Compatibility changes

Note:

This section provides compatibility changes you need to know when you upgrade from v7.3.0 to the current version (v7.4.0). If you are upgrading from v7.2.0 or earlier versions to the current version, you might also need to check the compatibility changes introduced in intermediate versions.

Behavior changes

  • Starting with v7.4.0, TiDB is compatible with essential features of MySQL 8.0, and version() returns the version prefixed with 8.0.11.

  • After TiFlash is upgraded to v7.4.0 from an earlier version, in-place downgrading to the original version is not supported. This is because, starting from v7.4, TiFlash optimizes the data compaction logic of PageStorage V3 to reduce the read and write amplification generated during data compaction, which leads to changes to some of the underlying storage file names.
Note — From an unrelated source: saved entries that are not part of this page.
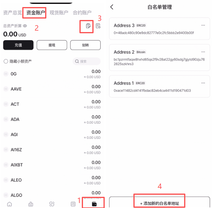 接下来我们就要添加一个以太坊的提币白名单,有了这个白名单之后,他才允许你把钱提到白名单地址里面。我们点击下方的【资产】,找到【资金账户】。点击右侧的图标,这里是“白名单管理”,我们选择“添加新的白名单地址”。
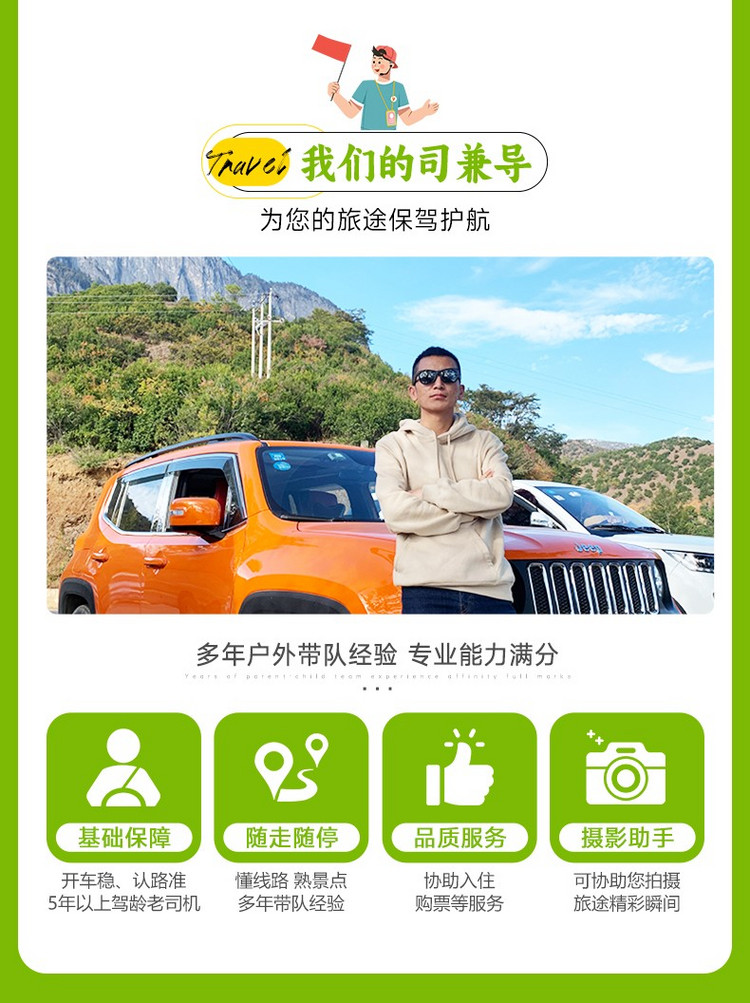5、领队:司机兼领队(司机仅提供向导、代办住宿等服务;无法像专业领队一样提供讲解、景区伴游等服务!)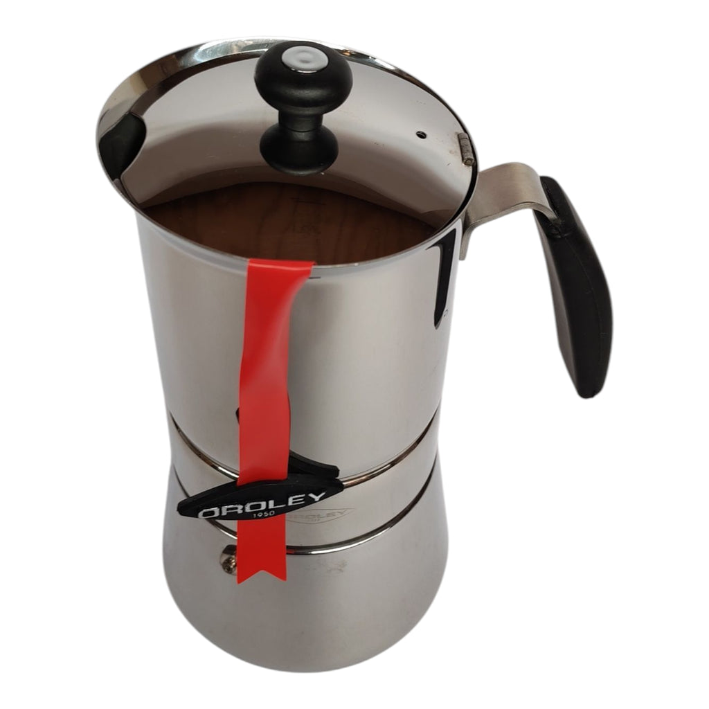Con capacidad para 9 tazas, esta cafetera OROLEY combina elegancia y funcionalidad. Su cuerpo de acero inoxidable garantiza resistencia al desgaste y fácil limpieza. Diseñada para una distribución uniforme del calor, prepara café de gran cuerpo y aroma. Apta para diversos tipos de cocinas, es la elección ideal para familias o reuniones sociales.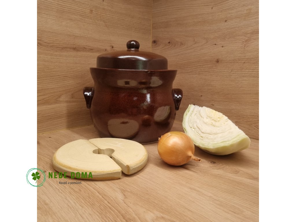 - Zátěž: Keramická závaží, která drží zelí ponořené ve vlastní šťávě, aby nedošlo k plesnivění.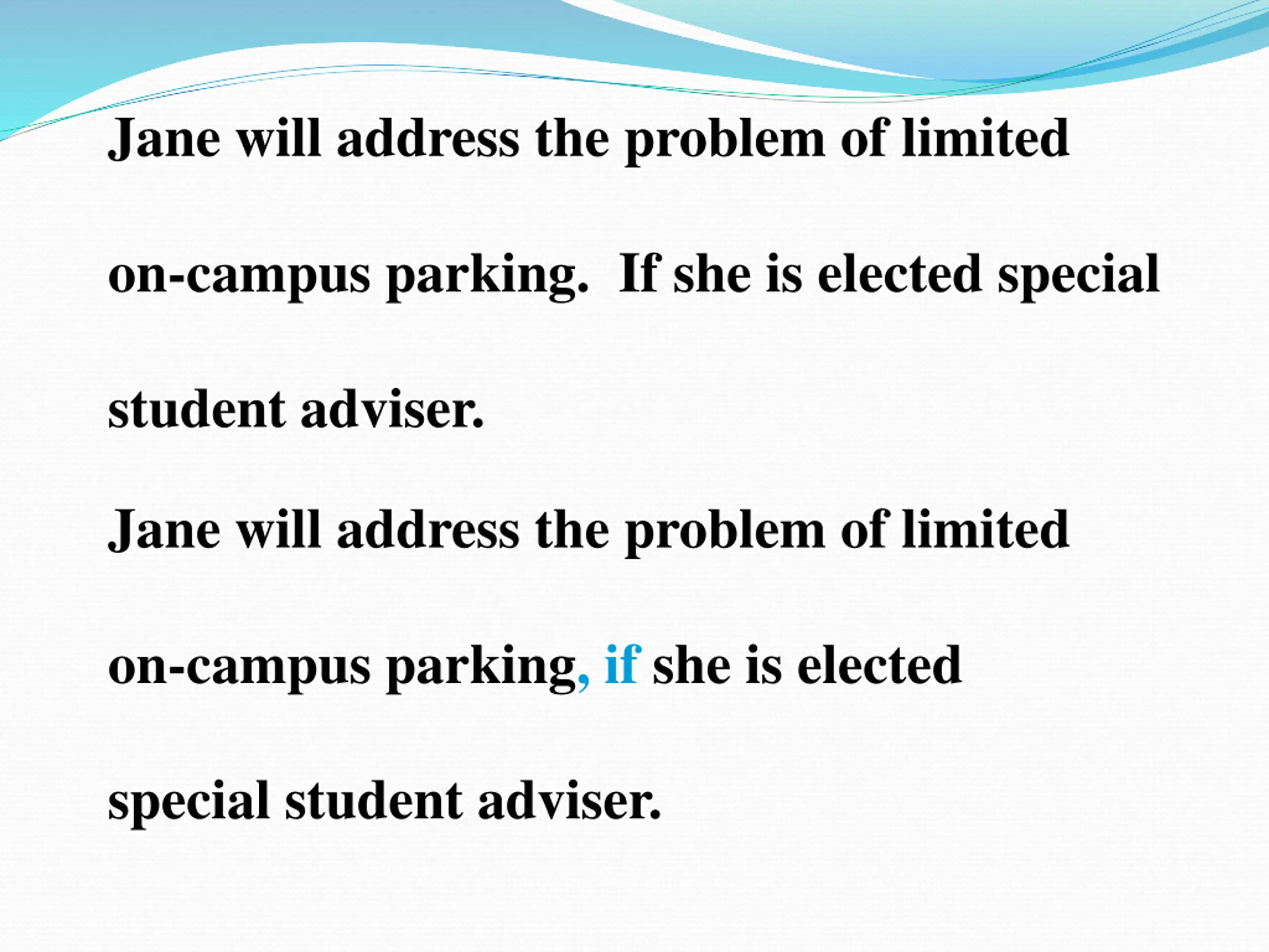 Jane will address the problem of limited on-campus parking. If she is elected special student adviser. Jane will address the problem of limited on-campus parking, if she is elected special student adviser.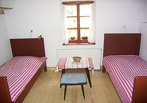- Apartmán pro 5 osob: kuchyň s manželskou postelí a samostatným lůžkem, kachlová kamna, plynový vařič, mikrovlnka, kávovar, varná konvice; samostatný pokoj se 2 lůžky; koupelna se sprchovým koutem a WC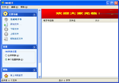 也有不少用戶利用UMD轉(zhuǎn)換工具將電子書轉(zhuǎn)換成UMD格式,但市場上的UMD轉(zhuǎn)換工具都不支持批量轉(zhuǎn)換功能,比如筆者最近想好好復(fù)習(xí)下英語。想將大量的英語資料制成手機電子書,在上下班坐車的時候?qū)W習(xí),使用普通的轉(zhuǎn)換器就會耗費許多時間。經(jīng)過筆者不懈的上網(wǎng)挖掘,終于發(fā)現(xiàn)了一個好東東。掌上書院推出了首款UMD手機電子書批量制作工具UMD舵手1.0beta,據(jù)介紹,UMD舵手是目前唯一款UMD手機電子書批量制作工具,最多可一次性同時轉(zhuǎn)換300本以上的圖書,為喜愛自己動手制作手機電子書的用戶提供了極大的方便,DIY個屬于自己的手機圖書館不再是夢想了。

  • A TIDB_PARSE_TSO_LOGICAL() function is added to allow the extraction of the logical part of the TSO timestamp.

  • The information_schema.CHECK_CONSTRAINTS table is added for improved compatibility with MySQL 8.0.

  • For transactions containing multiple changes, if the primary key or non-null unique index value is modified in the update event, TiCDC splits an event into delete and insert events and ensures that all events follow the sequence of delete events preceding insert events. For more information, see documentation.

System variables

Variable name Change type Description
tidb_enable_tiflash_pipeline_model Deleted This variable was used to control whether to enable the TiFlash pipeline execution model. Starting from v7.4.0, the TiFlash pipeline execution model is automatically enabled when the TiFlash resource control feature is enabled.
tidb_enable_non_prepared_plan_cache Modified Changes the default value from ON to OFF after further tests, meaning that non-prepared execution plan cache is disabled.
default_collation_for_utf8mb4 Newly added Controls the default collation for the utf8mb4 character set. The default value is utf8mb4_bin.
tidb_cloud_storage_uri Newly added Specifies the cloud storage URI to enable Global Sort.
tidb_opt_enable_hash_join Newly added Controls whether the optimizer will select hash joins for tables. The value is ON by default. If set to OFF, the optimizer avoids selecting a hash join of a table unless there is no other execution plan available.
tidb_opt_objective Newly added This variable controls the objective of the optimizer. moderate maintains the default behavior in versions prior to TiDB v7.4.0, where the optimizer tries to use more information to generate better execution plans. determinate mode tends to be more conservative and makes the execution plan more stable.
tidb_request_source_type Newly added Explicitly specifies the task type for the current session, which is identified and controlled by Resource Control. For example: SET @@tidb_request_source_type = "background".
tidb_schema_version_cache_limit Newly added This variable limits how many historical schema versions can be cached in a TiDB instance. The default value is 16, which means that TiDB caches 16 historical schema versions by default.
tidb_service_scope Newly added This variable is an instance-level system variable. You can use it to control the service scope of TiDB nodes under the TiDB Distributed eXecution Framework (DXF). When you set tidb_service_scope of a TiDB node to background, the DXF schedules that TiDB node to execute DXF tasks, such as ADD INDEX and IMPORT INTO.
tidb_session_alias Newly added Controls the value of the session_alias column in the logs related to the current session.
tiflash_mem_quota_query_per_node Newly added Limits the maximum memory usage for a query on a TiFlash node. When the memory usage of a query exceeds this limit, TiFlash returns an error and terminates the query. The default value is 0, which means no limit.
tiflash_query_spill_ratio Newly added Controls the threshold for TiFlash query-level spilling. The default value is 0.7.
tikv_client_read_timeout Newly added Controls the timeout for TiDB to send a TiKV RPC read request in a query. The default value 0 indicates that the default timeout (usually 40 seconds) is used.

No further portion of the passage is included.